Still, I was curious about King Animal. Would they, could they, conjure up anything that came anywhere near the majestic rage and fury of the their formative years?
The first few tracks sounds promising, and try hard to get a full head of steam, with Cornell’s rutting hairy boar of a voice doing what it does over the pneumatic sturm and drang.
But by the fourth track, they’re already trying to add some spice with a sound that’s close to ‘60s raga-psych, while not quite pulling it off.
It’s all okay, but there’s something airbrushed about the whole thing, something not quite real, as though the fancier guitar parts (provided by Kim Thayil) were airlifted in after the fact to add colour and texture to the sound; and the drums sound so perfect that you wonder how much auto-correction went on after the fact. It’s like the sweat and the wrinkles have been siphoned into a cryogenic sweatsuit.
Those great heavy riffs still come pounding down occasionally, but the sound as a whole lacks that big, brutal, brooding, slightly menacing atmosphere – it’s like a modern, clean-skin version. That said, Cornell comes up with some nice lines, and the group are still unafraid of using a quiet/loud dynamic and the odd minor chord – although both are redolent of Nirvana as well.

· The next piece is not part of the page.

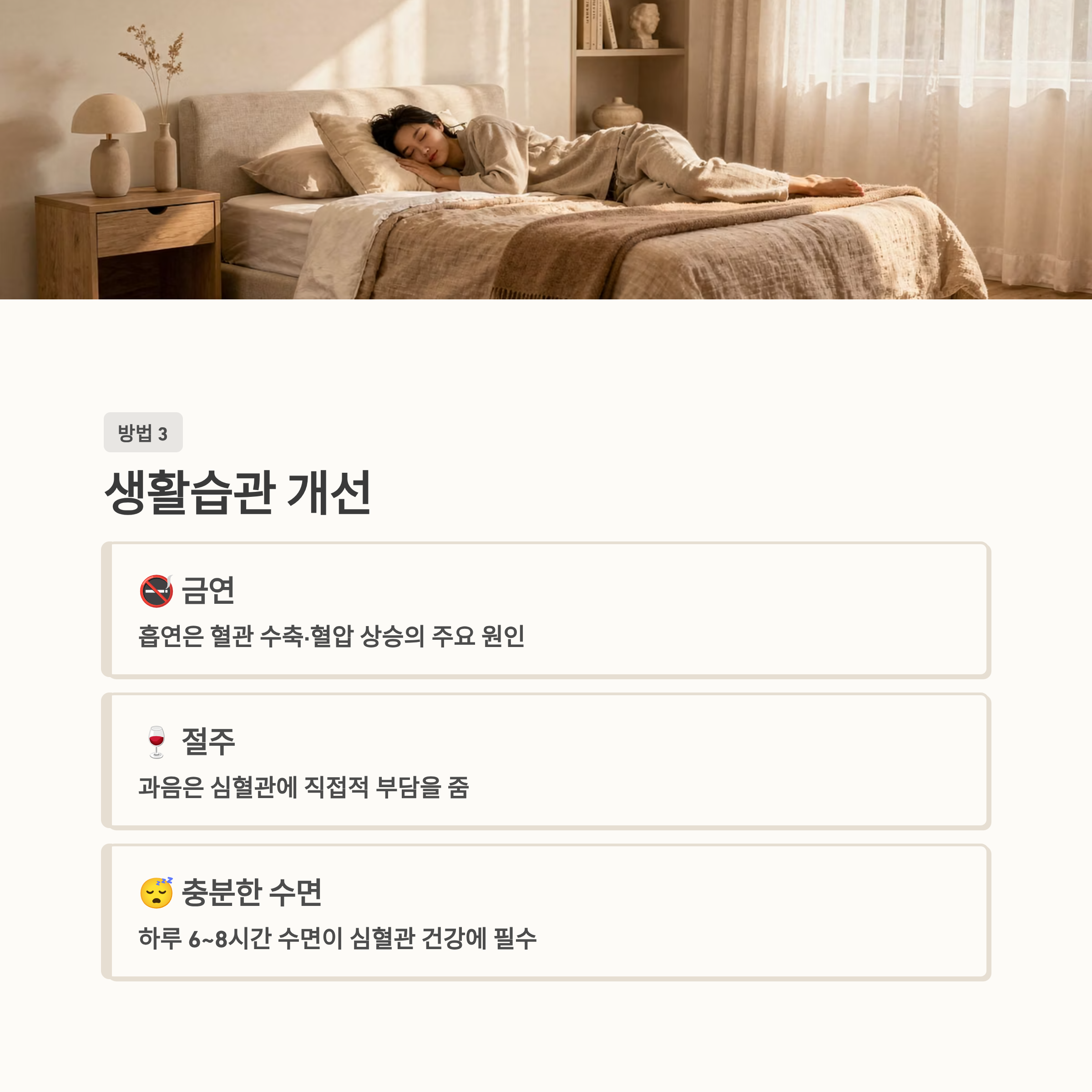 또한 금연과 절주 역시 필수적인 요소입니다. 흡연은 혈관을 수축시키고 혈압을 상승시키는 주요 원인으로 알려져 있습니다. 수면 역시 중요한데, 하루 6~8시간의 충분한 수면을 유지하는 것이 심혈관 건강에 긍정적인 영향을 미칩니다.

On the other hand, there’s too much here that sounds exactly like hundreds of other ordinary American hard rock bands currently treading the boards. ‘Halfway There’ is a case in point: it’s a bit too soft-cock, too melodic for its own good, too conformist.
The freshest moments are saved until last. On ‘Eyelid’s Mother’, there’s an almost call-and-response blues/gospel quality that really lifts it, and ‘Rowing’ has a really earthy blues feel.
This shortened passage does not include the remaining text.